What you have to do
Leaving pictures aside, restate exactly the lines of the data below, from the first one through the line that contains "Figur 2.5 Verdiskaping".

------ Dataset excerpt ------

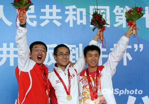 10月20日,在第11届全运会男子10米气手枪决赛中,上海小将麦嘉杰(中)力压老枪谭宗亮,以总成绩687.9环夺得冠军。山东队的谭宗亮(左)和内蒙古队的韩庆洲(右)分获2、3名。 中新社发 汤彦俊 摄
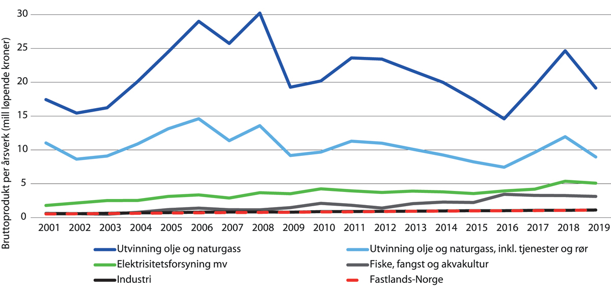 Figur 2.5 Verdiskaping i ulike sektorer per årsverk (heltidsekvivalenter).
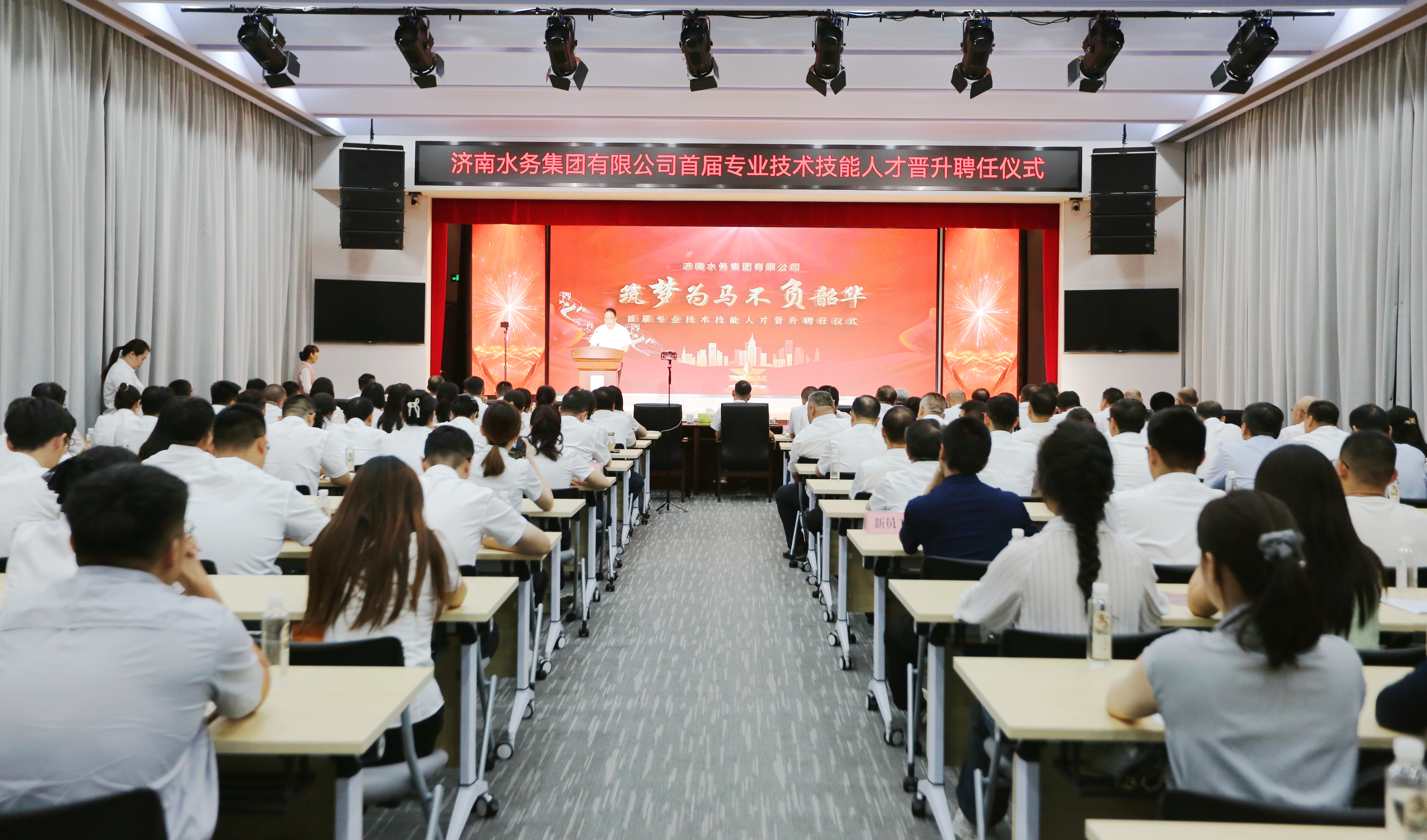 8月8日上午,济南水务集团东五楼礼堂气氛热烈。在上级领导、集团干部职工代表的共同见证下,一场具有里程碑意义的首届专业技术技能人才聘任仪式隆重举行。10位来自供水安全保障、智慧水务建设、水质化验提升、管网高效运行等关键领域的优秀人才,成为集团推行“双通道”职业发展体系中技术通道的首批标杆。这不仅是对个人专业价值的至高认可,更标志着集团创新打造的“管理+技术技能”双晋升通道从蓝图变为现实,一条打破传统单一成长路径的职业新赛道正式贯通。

------

Exercise solution
 10月20日,在第11届全运会男子10米气手枪决赛中,上海小将麦嘉杰(中)力压老枪谭宗亮,以总成绩687.9环夺得冠军。山东队的谭宗亮(左)和内蒙古队的韩庆洲(右)分获2、3名。 中新社发 汤彦俊 摄
 Figur 2.5 Verdiskaping i ulike sektorer per årsverk (heltidsekvivalenter).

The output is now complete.